Какой же ждал его удар! Ее письмо было очень ласковым, но Тезкин, чувствуя в этой ласковости чтото подозрительное, летел вперед через строчки и наконец нашел. Козетта писала, что ее мужа посылают в Германию, она едет вместе с ним, и, наверное, надолго. Тезкин поднял голову, посмотрел окрест себя безумными глазами и услышал, как на станции заработали моторы, вертолет с несолоно хлебнувшей урной взмыл в чистейшее карельское небо и, не сделав, как обычно, над островом круг, без всяких сантиментов отправился в Петрозаводск, унося в своем чреве запоздалый и бесполезный донос на антисоветчика, возмутителя спокойствия и нарушителя статистики Александра Тезкина. А сам он упал на снег и даже не зарыдал, провалявшись так незнамо сколько, и, когда очнулся, солнце уже садилось в той стороне, куда улетела его возлюбленная, а Тезкина начал бить озноб.

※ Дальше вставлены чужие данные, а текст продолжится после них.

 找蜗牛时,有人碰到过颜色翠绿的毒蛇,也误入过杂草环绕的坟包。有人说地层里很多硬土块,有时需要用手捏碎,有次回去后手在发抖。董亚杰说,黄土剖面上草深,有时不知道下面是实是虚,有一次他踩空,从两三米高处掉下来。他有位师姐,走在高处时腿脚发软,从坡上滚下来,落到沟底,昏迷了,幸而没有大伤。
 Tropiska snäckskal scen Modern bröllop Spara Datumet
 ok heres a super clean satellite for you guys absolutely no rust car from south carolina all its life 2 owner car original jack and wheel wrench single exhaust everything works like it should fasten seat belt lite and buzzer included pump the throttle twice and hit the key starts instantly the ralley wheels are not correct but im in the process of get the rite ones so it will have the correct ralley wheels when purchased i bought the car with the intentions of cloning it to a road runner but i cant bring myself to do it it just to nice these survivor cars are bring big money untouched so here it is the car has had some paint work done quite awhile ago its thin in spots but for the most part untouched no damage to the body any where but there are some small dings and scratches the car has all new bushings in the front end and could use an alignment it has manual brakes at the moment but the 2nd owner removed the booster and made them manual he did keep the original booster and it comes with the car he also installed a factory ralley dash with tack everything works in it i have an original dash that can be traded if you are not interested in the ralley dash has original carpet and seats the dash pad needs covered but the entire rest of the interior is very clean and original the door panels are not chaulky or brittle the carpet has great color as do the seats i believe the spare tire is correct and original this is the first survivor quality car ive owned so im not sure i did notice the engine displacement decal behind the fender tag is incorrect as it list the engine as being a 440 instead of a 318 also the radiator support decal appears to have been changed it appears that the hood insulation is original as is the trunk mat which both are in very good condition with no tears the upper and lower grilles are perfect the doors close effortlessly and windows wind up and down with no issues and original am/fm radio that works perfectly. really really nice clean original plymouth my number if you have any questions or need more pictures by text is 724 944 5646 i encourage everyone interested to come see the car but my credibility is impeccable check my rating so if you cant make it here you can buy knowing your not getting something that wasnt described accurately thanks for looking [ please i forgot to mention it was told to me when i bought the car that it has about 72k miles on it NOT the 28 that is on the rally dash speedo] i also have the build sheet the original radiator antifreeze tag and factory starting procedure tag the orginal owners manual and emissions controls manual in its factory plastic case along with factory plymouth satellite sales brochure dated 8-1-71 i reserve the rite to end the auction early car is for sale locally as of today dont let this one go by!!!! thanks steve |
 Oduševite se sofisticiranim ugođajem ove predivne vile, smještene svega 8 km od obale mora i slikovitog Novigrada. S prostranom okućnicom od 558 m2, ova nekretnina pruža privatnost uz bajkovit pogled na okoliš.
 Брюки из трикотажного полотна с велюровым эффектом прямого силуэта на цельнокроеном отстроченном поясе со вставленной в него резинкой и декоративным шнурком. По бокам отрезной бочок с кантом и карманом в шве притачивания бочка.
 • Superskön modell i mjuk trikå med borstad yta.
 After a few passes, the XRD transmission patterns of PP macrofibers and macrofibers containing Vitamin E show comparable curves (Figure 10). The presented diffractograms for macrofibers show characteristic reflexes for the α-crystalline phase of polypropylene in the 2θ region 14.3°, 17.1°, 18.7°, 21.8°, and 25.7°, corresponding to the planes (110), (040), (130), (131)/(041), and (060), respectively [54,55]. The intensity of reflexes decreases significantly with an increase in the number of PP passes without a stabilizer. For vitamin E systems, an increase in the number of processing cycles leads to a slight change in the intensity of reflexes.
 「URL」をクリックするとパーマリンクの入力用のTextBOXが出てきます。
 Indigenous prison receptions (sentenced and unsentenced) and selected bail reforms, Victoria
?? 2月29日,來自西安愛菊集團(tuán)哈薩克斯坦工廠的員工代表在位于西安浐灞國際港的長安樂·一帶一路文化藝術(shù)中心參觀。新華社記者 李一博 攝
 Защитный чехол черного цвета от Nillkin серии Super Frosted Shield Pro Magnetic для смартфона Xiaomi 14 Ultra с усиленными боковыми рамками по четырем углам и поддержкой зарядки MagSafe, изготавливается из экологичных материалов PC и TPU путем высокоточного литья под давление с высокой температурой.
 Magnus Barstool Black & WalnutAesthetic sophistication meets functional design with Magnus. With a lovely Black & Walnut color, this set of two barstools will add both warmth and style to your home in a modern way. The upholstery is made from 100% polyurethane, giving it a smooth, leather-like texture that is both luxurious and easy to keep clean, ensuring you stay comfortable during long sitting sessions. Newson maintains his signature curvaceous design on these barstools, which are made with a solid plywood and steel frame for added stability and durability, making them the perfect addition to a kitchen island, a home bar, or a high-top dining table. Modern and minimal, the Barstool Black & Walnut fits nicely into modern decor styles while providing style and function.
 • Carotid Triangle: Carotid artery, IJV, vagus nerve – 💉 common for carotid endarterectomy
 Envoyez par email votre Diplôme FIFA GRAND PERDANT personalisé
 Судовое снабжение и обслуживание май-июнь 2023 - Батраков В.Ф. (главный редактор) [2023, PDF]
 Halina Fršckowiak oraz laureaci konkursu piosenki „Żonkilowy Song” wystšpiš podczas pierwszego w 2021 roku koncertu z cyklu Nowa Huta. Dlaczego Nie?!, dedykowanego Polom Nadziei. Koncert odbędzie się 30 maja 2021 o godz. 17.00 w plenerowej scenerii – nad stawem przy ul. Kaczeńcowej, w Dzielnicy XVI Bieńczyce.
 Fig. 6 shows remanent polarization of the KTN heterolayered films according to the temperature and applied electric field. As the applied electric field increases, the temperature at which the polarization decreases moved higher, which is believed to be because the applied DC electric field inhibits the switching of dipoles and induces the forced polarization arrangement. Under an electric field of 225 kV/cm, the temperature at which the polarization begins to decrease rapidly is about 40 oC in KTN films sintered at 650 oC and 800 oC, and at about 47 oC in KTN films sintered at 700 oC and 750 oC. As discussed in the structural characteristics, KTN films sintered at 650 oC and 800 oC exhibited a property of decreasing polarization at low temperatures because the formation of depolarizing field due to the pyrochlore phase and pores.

Наутро он был совершенно болен, его мучил кашель, нездоровый румянец заиграл у него на щеках, и даже водка с перцем и чесноком не помогала – так вернулась к нему его застарелая болезнь, обостряясь отныне всякий раз ранней весною. Нужно было уезжать с этого острова с его сырым и холодным климатом, но уезжать теперь было не к кому и незачем. Все связи с миром оказались порванными, и тезкинское пребывание на Маячном неожиданно затянулось.
2
Молодость опадала с него, как шелуха. Год спустя он совсем не походил на того юношу, что приехал на этот островок за романтикой и отдохновением от благ цивилизации. От былой тезкинской восторженности не осталось и следа. Александр огрубел, заматерел и внешне мало отличался от окружавших его людей. Этот год дал ему даже больше, чем университет, чем все его прежние скитания и армия, ибо когда на глазах у человека в одном и том же месте происходит смена ветров, облаков и температур, времен года, дня и ночи, то в душе его неизбежно что-то меняется. Уединенность, отсутствие светских развлечений и близость к природе принесли успокоение. Скоро стало ему казаться, что живет он здесь очень давно, а все прошедшее было и вовсе в другой жизни. И, начитавшись книг, насидевшись долгими зимними ночами возле печи и краткими летними – на берегу озера, когда ни одна звезда не зажигалась над миром, а лишь, прекрасное и таинственное, висело над головой небо, начинавшееся от самой земли и опрокинутое в глубину космоса, он ощущал себя на грани стихий и принимался писать что-то невыразимо чудесное о тайнах и символах бытия. Он писал с не меньшим трепетом и восторгом, чем свой юношеский роман о прекрасной Людмиле и купавинском лете, он писал, объясняясь миру в любви и сожалея о его изъянах и точно чувствуя порой за спиною дух своего несчастного утопшего предшественника, вознамерившегося спасти Россию. Ему казалось, что он знает и сможет сказать нечто такое, чего не говорил до него никто. Он ощущал себя едва ли не мессией, и от этого становилось ему чуть легче, когда вспоминалась Козетта, – воистину философами и пророками на Руси становятся либо от большого ума, либо от большой тоски. Но если копнуть поглубже любого из этих мессий и радетелей рода человеческого, то за их радениями откроется обыкновенная любовная или какая еще драма, и, чтобы ее похерить, они готовы перевернуть весь мир, устроить революцию или рывок в рынок, обманывать самих себя и двести пятьдесят миллионов человек, а историки потом будут недоумевать, как это вышло, что вдруг рассыпалась величайшая империя.